#### [Task description]
Below are entries; repeat exactly, and nothing else, the lines from the one holding "Bơm ly tâm trục" through the one holding "10月26日,河南省周口市沈", inclusive. Leave the pictures out.

#### [Data]
____

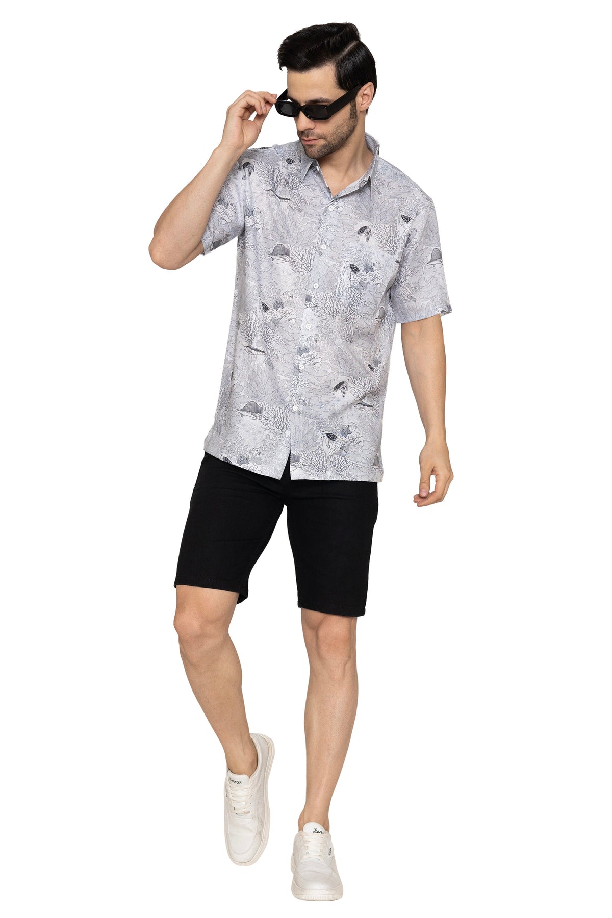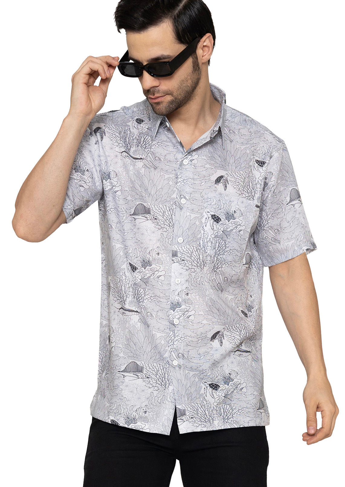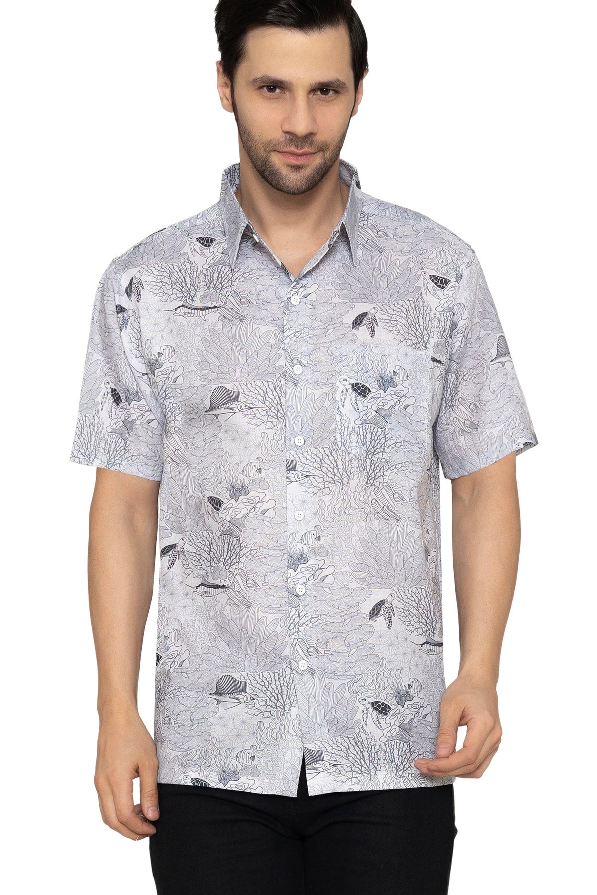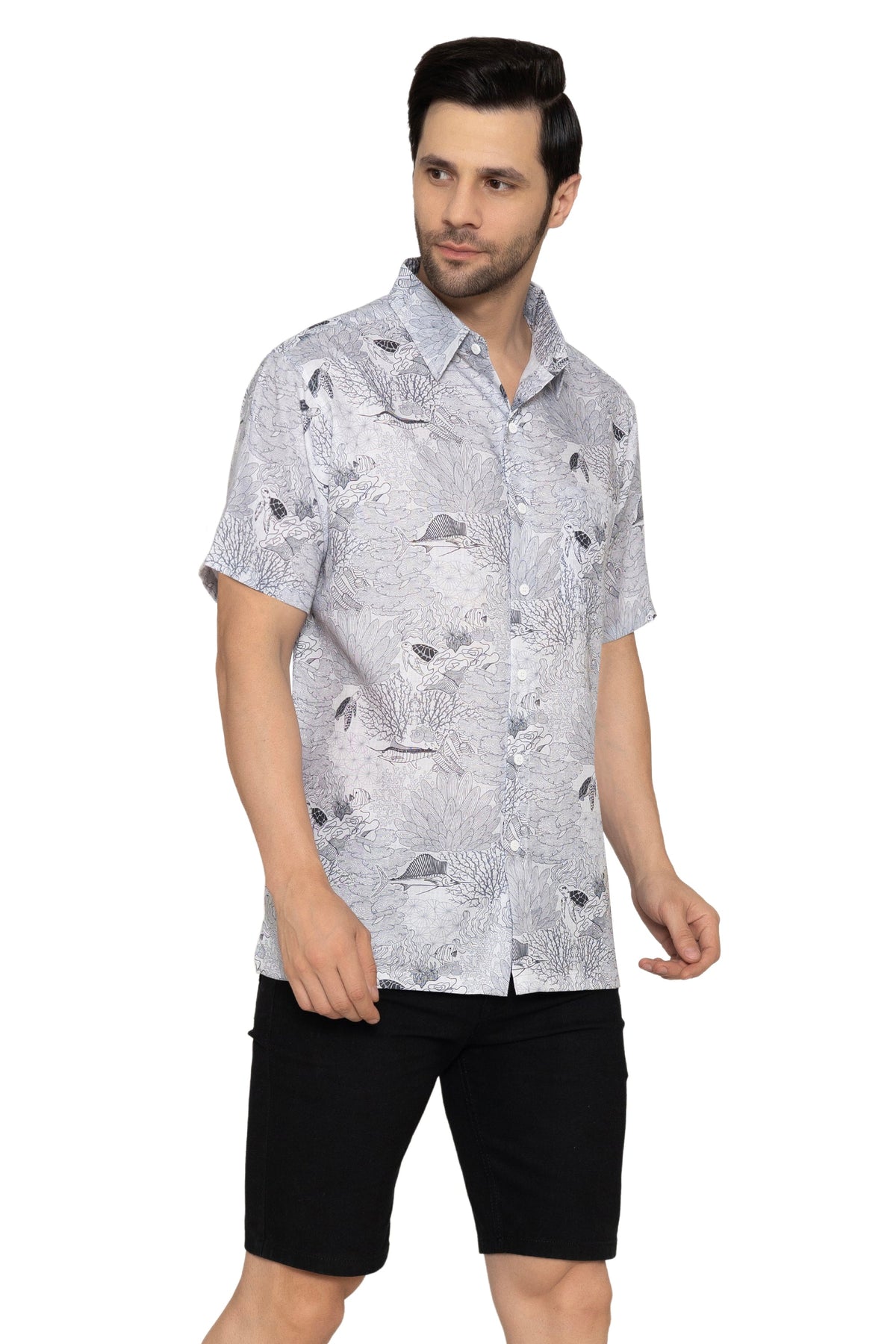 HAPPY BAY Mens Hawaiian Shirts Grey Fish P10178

____

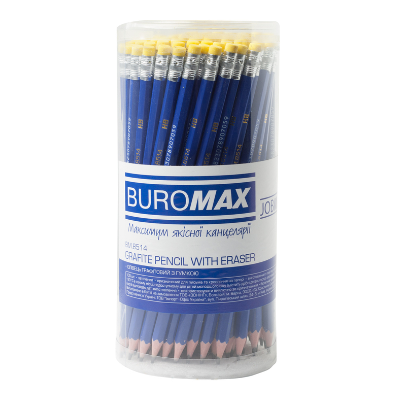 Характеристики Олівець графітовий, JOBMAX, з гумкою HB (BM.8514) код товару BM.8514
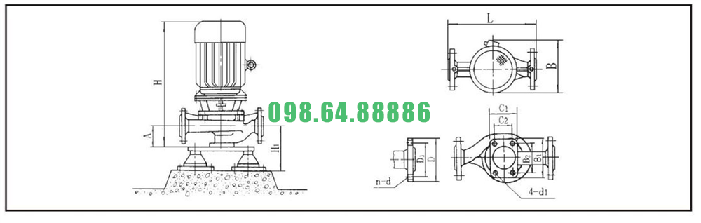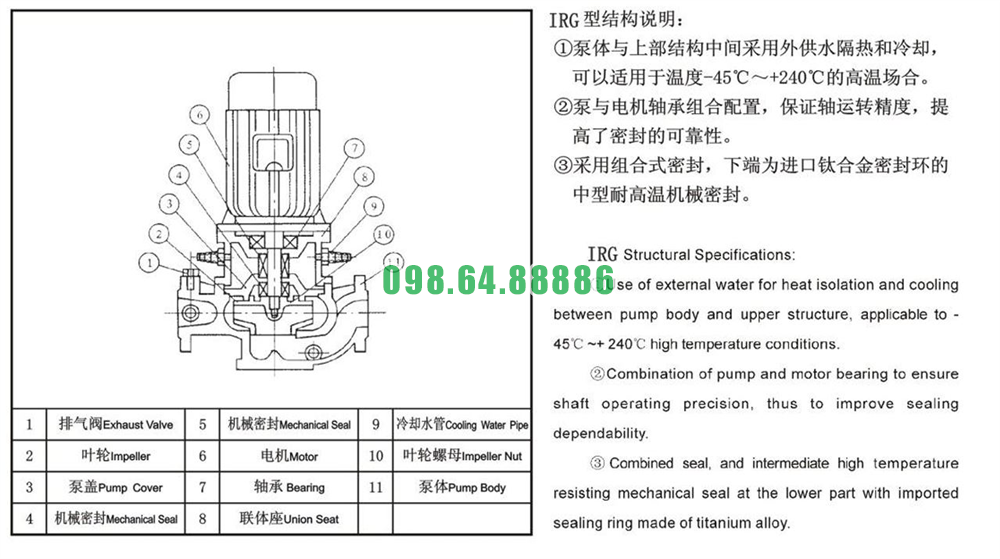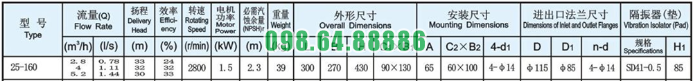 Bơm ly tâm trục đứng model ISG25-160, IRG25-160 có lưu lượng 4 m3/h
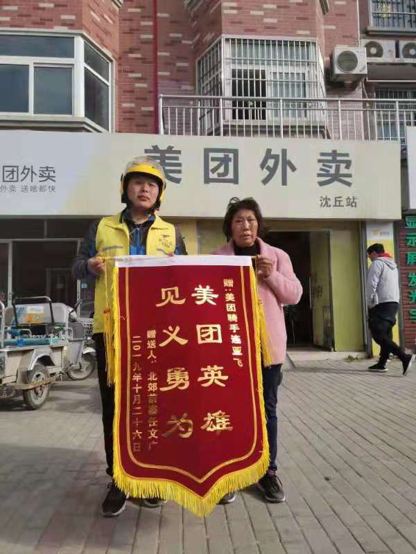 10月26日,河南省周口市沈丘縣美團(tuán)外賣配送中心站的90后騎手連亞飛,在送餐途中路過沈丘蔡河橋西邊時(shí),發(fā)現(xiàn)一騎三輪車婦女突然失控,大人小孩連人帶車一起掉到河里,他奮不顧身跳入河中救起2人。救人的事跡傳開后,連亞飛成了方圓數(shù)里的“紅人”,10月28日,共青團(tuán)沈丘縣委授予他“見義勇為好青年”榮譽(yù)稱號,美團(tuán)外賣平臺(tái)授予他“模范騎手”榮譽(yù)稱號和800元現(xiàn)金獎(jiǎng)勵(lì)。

____

#### [Response to the exercise]
 Bơm ly tâm trục đứng model ISG25-160, IRG25-160 có lưu lượng 4 m3/h
 10月26日,河南省周口市沈丘縣美團(tuán)外賣配送中心站的90后騎手連亞飛,在送餐途中路過沈丘蔡河橋西邊時(shí),發(fā)現(xiàn)一騎三輪車婦女突然失控,大人小孩連人帶車一起掉到河里,他奮不顧身跳入河中救起2人。救人的事跡傳開后,連亞飛成了方圓數(shù)里的“紅人”,10月28日,共青團(tuán)沈丘縣委授予他“見義勇為好青年”榮譽(yù)稱號,美團(tuán)外賣平臺(tái)授予他“模范騎手”榮譽(yù)稱號和800元現(xiàn)金獎(jiǎng)勵(lì)。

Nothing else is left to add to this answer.